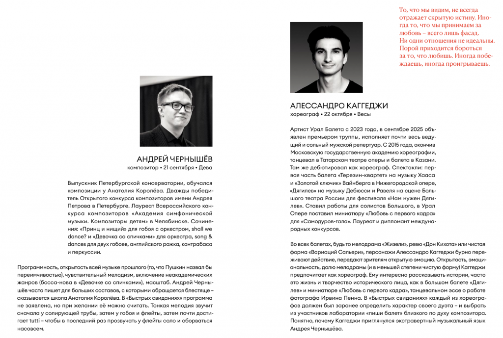 Самая ожидаемая часть – третья. Название «Быстрые свидания» предназначено именно ей, и оно говорит в том числе о встречах хореографов и композиторов. Их пары сложились на проекте «пиши балет», созданном в соавторстве театра «Урал Опера Балет» и Союза композиторов России. В социальных сетях театра выложены мини-интервью с хореографами, где они в полушутливом тоне рассказывают об опыте работы с композиторами. Александр Меркушев, например, поделился историей, как его напарник Роман Цыпышев практически за вечер поменял всю музыку. Каждый из хореографов подчеркнул, что писать для балета сегодня необходимо. «Урал Опере» можно только завидовать: ни один другой российский театр не заказывает балетные партитуры авторам с такой же регулярностью.
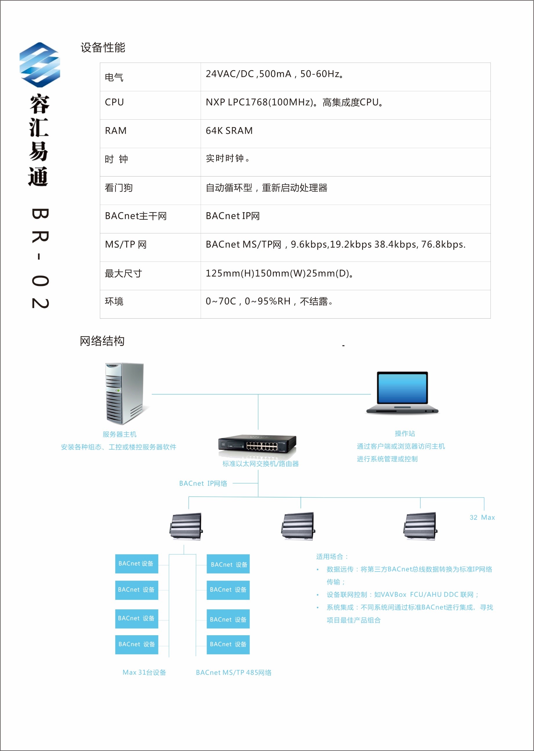 · 能力 與bacnet 完全兼容,管理多路bacnet網(wǎng)的路由,包括以太網(wǎng)(ethernet)或ip網(wǎng)絡(luò)、和ms/tp網(wǎng)連接。
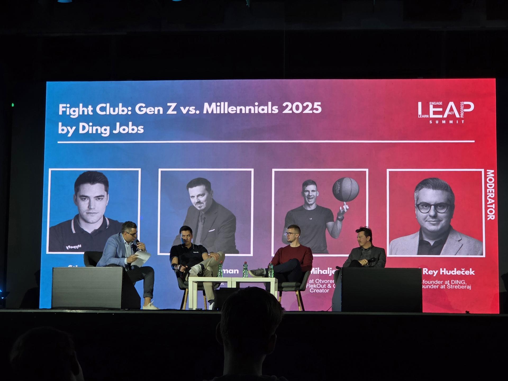 Nakon uvoda u drugi dan konferencije na pozornicu su pozvana četiri člana prvog panela nazvanog "Fight Club: Gen Z vs. Millennials 2025". Moderator rasprave bio je David Rey Hudeček. U taboru milenijalaca našao se direktor start upa Stjepan Zelić, a generaciju Z došao je braniti influencer s Otvorenog Radija Jan Mihaljević. Četvrti gost bio je psiholog Matej Sakoman koji je bio zadužen da debati ponudi i stručnu podlogu.

□ □ □ □ □

▶ **PROBLEM TO SOLVE**:
Could you restate the material word for word, omitting the pictures?

▶ **COMPLETED EXERCISE**:
 Самая ожидаемая часть – третья. Название «Быстрые свидания» предназначено именно ей, и оно говорит в том числе о встречах хореографов и композиторов. Их пары сложились на проекте «пиши балет», созданном в соавторстве театра «Урал Опера Балет» и Союза композиторов России. В социальных сетях театра выложены мини-интервью с хореографами, где они в полушутливом тоне рассказывают об опыте работы с композиторами. Александр Меркушев, например, поделился историей, как его напарник Роман Цыпышев практически за вечер поменял всю музыку. Каждый из хореографов подчеркнул, что писать для балета сегодня необходимо. «Урал Опере» можно только завидовать: ни один другой российский театр не заказывает балетные партитуры авторам с такой же регулярностью.
 · 能力 與bacnet 完全兼容,管理多路bacnet網(wǎng)的路由,包括以太網(wǎng)(ethernet)或ip網(wǎng)絡(luò)、和ms/tp網(wǎng)連接。
 Nakon uvoda u drugi dan konferencije na pozornicu su pozvana četiri člana prvog panela nazvanog "Fight Club: Gen Z vs. Millennials 2025". Moderator rasprave bio je David Rey Hudeček. U taboru milenijalaca našao se direktor start upa Stjepan Zelić, a generaciju Z došao je braniti influencer s Otvorenog Radija Jan Mihaljević. Četvrti gost bio je psiholog Matej Sakoman koji je bio zadužen da debati ponudi i stručnu podlogu.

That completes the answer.